No primeiro dia a Meninos Rei trouxe mix de estampas muito coloridas, novos volumes em peças femininas e masculinas. A seguir, o Ateliê Mão de Mãe veio com uma coleção de peças em crochê, listradas e em quadriculados. Ousou trazendo hot pants e jacquard, num trabalho muito bem elaborado.
Santa Resistência trouxe para a passarela looks fluidos, peças de alfaiataria e estampas marcantes, de cidades coloridas. Detalhes de marcam resgatam tradições artesanais. Naya Violeta, marca goiana, veio com modelagem confortável, em roupas femininas e masculinas, com destaque para a estamparia exuberante.
Silvério apresentou alfaiataria com paletós com lapelas de cetim rosa. Recortes vazados, mistura de tecidos e cavas amplas que se fundem com as costas vindo amarrar-se na frente da peça. As Marias trouxe detalhes em macramê e babados, malhas de lurex e calças amplas. Destaque para a calça com zíperes em dois pontos diferentes do comprimento, podendo se transformar em calça cropped ou shorts. Mille Lab veio com trabalho em moletom, em micro saias para elas e calças e bermudas para eles. O forte no entanto, foi o eloquente discurso anti-racista, em rap e em poema falado.

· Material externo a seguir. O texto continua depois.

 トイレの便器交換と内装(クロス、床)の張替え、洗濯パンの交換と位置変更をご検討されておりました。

Conforto, alfaiataria, tradição e vibe esportiva
As peças confortáveis predominaram entre as coleções. Puderam ser observadas em À La Garçonne, na Ellus (que completa 50 anos) e na ALG, segunda marca de Alexandre Herchcovitch e Fábio Souza. Os três desfiles, virtuais, mostraram a influência das ruas na passarela. Modelagens mais amplas, tecidos como moletom e xadrezes que nos remetem ao Grunge dos anos 1990 além dos jeans, alguns com cintura um pouco mais baixa. Ronaldo Fraga apresentou conjuntos de alfaiataria em tecidos da Renaux View. Teve muito jacquard e uma alegria poética no filme, estrelado por funcionários da empresa, além de modelos contratados.
A estreante Baska, encabeçada pelo influencer e empresário alagoano Carlinhos Maia, ao lado do diretor criativo Dudu Farias trouxe looks monocromáticos, que misturou alfaiataria com parcas e moletom. Casacos com mangas removíveis e no feminino, vestidos e macacões com cintura marcada e detalhes de amarrações.

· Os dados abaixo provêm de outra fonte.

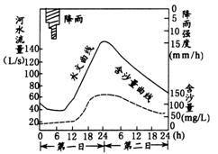 (1)假设暴雨发生时,该河谷的森林早已被砍伐,试在图中绘出可能出现的河流流量曲线和含沙量曲线。

João Pimenta combinou conforto à alfaiataria, com calças de pernas amplas, barras italianas altas e saias pregueadas. O xadrez veio em pied-poule e príncipe de Gales, acompanhados de risca de giz em costumes e sobretudo longos. Jaquetas e sobretudo em matelassê acetinado pontuaram alguns looks.
Weider Silvério mostrou vestidos e saias ajustadas em malha felpuda, proporcionando conforto em modelos mais sofisticados. A cintura veio marcada com recortes verticais. Além do branco, estampa floral em fundo preto. Os casacos brancos ganharam forros cor de rosa, elegantes.
No Centro Cultural São Paulo, Fernanda Yamamoto inaugurou uma exposição por meio de um desfile/performance com modelos da comunidade Yuba, de Mirandópolis, interior de SP. A equipe de estilo escolheu três quimonos utilizados nos espetáculos de dança e fizeram interferências em organza de seda e a inclusão de morim, tela de algodão usada em modelagem. Alguns quimonos foram desenvolvidos totalmente em seda, todos com belas combinações de cores.